## ACTIVITY
From the data below, copy exactly the lines that lie between the one holding "Immature de Frégate en vol" and the one holding "随后,习近平来到巴斯夫杉杉电", including both, and nothing more.

## ENTRIES PROVIDED
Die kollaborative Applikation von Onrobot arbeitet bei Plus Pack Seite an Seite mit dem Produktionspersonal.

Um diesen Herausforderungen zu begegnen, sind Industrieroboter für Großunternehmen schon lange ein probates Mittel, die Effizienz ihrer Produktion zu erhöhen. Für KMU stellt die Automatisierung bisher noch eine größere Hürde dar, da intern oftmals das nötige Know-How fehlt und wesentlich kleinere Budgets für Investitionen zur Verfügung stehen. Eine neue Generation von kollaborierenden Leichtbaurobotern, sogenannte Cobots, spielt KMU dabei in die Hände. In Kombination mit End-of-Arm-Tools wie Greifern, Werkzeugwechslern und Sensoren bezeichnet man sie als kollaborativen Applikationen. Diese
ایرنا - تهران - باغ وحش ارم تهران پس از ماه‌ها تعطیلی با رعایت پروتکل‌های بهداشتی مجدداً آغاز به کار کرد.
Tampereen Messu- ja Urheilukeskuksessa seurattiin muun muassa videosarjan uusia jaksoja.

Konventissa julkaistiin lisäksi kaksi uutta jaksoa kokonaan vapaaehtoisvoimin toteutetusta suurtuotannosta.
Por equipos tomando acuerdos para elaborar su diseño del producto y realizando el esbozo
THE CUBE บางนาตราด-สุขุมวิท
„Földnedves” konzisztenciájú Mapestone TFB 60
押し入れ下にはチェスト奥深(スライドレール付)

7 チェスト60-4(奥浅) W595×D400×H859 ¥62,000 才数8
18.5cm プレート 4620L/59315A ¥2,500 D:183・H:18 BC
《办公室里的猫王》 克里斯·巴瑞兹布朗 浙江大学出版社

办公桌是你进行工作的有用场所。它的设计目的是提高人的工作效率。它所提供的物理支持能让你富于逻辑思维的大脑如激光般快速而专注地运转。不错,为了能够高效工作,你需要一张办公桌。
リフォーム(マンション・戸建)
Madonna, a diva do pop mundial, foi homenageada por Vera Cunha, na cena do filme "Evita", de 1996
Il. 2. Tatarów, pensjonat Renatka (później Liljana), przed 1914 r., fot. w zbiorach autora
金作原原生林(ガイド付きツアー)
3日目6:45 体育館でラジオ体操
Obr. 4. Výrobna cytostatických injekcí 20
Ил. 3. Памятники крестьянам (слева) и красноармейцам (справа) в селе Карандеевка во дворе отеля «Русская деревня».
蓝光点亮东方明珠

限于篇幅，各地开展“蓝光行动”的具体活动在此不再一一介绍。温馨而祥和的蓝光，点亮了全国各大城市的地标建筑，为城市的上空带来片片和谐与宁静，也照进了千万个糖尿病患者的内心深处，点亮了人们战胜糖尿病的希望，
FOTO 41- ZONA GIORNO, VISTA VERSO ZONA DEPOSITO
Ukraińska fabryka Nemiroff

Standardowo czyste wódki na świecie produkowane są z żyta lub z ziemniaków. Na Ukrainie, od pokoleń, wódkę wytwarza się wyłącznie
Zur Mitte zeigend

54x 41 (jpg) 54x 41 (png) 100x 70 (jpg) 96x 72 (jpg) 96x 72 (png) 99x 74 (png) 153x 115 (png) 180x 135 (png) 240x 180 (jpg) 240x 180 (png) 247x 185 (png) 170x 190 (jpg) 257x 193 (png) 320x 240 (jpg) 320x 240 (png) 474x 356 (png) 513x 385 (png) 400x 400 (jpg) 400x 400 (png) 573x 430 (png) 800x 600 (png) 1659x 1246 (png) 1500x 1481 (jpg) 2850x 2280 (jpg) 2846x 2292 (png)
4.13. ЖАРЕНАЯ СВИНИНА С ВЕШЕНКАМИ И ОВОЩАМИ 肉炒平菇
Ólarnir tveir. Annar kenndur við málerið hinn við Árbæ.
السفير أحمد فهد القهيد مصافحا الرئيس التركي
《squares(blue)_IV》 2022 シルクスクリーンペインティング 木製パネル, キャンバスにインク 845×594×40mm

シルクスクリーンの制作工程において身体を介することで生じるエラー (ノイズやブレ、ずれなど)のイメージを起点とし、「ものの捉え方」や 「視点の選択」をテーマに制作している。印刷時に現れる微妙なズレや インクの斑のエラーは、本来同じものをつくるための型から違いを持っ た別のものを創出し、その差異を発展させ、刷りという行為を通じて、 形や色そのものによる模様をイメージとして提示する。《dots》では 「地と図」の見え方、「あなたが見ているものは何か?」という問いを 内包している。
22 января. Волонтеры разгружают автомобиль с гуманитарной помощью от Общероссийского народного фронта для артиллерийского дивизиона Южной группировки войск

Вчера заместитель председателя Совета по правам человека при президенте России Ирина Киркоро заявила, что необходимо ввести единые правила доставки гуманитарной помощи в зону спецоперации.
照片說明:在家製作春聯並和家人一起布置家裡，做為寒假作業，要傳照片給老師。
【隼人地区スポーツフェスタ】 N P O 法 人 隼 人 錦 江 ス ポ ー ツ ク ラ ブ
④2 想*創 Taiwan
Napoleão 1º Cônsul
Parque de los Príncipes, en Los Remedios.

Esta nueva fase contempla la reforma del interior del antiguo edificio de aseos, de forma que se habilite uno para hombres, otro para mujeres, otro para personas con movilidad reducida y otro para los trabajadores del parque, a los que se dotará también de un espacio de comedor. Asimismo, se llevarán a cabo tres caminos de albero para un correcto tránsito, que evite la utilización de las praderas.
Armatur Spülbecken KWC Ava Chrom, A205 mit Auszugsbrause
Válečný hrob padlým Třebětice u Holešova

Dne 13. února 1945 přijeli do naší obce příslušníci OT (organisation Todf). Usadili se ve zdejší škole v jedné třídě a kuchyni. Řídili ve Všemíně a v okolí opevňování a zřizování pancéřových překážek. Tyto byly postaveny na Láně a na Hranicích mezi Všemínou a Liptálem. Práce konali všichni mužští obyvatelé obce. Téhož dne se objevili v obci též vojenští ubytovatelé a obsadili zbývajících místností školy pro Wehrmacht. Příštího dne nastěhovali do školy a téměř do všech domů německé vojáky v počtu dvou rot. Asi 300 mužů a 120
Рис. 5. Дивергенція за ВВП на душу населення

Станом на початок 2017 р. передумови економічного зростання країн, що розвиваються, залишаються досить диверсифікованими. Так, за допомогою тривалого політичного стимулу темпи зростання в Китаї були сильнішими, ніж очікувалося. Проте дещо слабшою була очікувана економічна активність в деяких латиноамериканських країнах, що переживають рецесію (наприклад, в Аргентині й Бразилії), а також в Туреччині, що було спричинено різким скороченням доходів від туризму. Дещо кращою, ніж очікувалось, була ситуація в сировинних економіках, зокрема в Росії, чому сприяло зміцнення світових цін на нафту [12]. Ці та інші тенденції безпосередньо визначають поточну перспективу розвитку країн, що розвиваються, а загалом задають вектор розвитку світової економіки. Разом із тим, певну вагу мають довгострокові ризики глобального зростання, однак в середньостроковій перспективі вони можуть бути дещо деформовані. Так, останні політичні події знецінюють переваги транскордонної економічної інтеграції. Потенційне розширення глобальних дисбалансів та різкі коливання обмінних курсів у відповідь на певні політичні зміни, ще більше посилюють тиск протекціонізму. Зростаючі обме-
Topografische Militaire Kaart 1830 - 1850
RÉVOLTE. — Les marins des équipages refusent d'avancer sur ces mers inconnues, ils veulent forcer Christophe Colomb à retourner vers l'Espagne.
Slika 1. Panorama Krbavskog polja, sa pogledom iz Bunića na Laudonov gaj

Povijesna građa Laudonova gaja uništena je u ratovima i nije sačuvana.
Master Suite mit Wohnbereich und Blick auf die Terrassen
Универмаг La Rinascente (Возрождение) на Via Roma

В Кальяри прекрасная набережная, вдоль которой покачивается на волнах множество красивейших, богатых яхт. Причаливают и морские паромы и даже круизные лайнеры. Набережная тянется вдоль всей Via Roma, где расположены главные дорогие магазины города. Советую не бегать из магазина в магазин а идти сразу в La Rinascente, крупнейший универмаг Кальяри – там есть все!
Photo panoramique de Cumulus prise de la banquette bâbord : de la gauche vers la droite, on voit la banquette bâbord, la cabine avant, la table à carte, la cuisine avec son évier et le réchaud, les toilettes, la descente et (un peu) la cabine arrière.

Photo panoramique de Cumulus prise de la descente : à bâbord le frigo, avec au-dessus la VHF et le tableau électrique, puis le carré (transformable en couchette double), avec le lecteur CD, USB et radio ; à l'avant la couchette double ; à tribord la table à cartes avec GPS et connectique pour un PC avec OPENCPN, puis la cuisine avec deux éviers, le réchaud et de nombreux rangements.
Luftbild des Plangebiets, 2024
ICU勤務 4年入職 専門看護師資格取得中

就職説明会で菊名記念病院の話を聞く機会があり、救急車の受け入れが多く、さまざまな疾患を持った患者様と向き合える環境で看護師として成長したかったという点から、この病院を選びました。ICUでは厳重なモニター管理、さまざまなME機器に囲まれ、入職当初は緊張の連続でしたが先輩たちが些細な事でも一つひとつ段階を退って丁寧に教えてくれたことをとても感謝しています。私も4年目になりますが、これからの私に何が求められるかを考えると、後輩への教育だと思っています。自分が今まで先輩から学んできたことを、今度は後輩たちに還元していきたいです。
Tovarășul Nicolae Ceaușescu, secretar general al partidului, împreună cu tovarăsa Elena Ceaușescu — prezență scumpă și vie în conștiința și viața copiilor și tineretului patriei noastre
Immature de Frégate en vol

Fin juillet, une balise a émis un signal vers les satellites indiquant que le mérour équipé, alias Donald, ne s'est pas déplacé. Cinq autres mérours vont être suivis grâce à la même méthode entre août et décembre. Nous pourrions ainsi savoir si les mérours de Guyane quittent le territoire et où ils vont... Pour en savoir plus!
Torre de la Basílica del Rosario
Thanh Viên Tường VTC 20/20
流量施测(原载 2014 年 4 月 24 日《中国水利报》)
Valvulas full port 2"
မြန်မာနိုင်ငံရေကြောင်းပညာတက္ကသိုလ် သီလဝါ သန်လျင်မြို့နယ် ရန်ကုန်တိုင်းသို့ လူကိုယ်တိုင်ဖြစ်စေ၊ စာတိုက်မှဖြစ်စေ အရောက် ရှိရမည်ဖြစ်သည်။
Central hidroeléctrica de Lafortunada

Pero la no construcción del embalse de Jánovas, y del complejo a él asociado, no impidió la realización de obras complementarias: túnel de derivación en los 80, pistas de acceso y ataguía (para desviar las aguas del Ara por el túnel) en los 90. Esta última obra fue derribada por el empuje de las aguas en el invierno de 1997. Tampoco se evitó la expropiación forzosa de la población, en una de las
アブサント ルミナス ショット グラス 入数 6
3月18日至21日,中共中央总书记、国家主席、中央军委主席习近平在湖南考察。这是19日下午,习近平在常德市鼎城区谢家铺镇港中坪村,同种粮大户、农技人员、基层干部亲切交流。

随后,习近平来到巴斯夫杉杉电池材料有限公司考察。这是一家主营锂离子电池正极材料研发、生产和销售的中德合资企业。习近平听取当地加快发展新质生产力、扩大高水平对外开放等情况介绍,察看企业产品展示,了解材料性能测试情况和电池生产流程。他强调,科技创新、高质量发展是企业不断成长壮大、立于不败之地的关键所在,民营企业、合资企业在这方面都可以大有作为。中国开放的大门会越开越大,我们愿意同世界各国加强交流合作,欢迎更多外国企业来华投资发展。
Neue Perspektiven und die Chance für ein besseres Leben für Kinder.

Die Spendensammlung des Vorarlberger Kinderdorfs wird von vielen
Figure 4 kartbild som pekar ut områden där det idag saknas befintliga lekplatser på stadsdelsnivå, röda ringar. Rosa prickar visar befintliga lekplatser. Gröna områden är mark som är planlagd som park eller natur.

## RESULT FOR THIS EXERCISE
Immature de Frégate en vol

Fin juillet, une balise a émis un signal vers les satellites indiquant que le mérour équipé, alias Donald, ne s'est pas déplacé. Cinq autres mérours vont être suivis grâce à la même méthode entre août et décembre. Nous pourrions ainsi savoir si les mérours de Guyane quittent le territoire et où ils vont... Pour en savoir plus!
Torre de la Basílica del Rosario
Thanh Viên Tường VTC 20/20
流量施测(原载 2014 年 4 月 24 日《中国水利报》)
Valvulas full port 2"
မြန်မာနိုင်ငံရေကြောင်းပညာတက္ကသိုလ် သီလဝါ သန်လျင်မြို့နယ် ရန်ကုန်တိုင်းသို့ လူကိုယ်တိုင်ဖြစ်စေ၊ စာတိုက်မှဖြစ်စေ အရောက် ရှိရမည်ဖြစ်သည်။
Central hidroeléctrica de Lafortunada

Pero la no construcción del embalse de Jánovas, y del complejo a él asociado, no impidió la realización de obras complementarias: túnel de derivación en los 80, pistas de acceso y ataguía (para desviar las aguas del Ara por el túnel) en los 90. Esta última obra fue derribada por el empuje de las aguas en el invierno de 1997. Tampoco se evitó la expropiación forzosa de la población, en una de las
アブサント ルミナス ショット グラス 入数 6
3月18日至21日,中共中央总书记、国家主席、中央军委主席习近平在湖南考察。这是19日下午,习近平在常德市鼎城区谢家铺镇港中坪村,同种粮大户、农技人员、基层干部亲切交流。

随后,习近平来到巴斯夫杉杉电池材料有限公司考察。这是一家主营锂离子电池正极材料研发、生产和销售的中德合资企业。习近平听取当地加快发展新质生产力、扩大高水平对外开放等情况介绍,察看企业产品展示,了解材料性能测试情况和电池生产流程。他强调,科技创新、高质量发展是企业不断成长壮大、立于不败之地的关键所在,民营企业、合资企业在这方面都可以大有作为。中国开放的大门会越开越大,我们愿意同世界各国加强交流合作,欢迎更多外国企业来华投资发展。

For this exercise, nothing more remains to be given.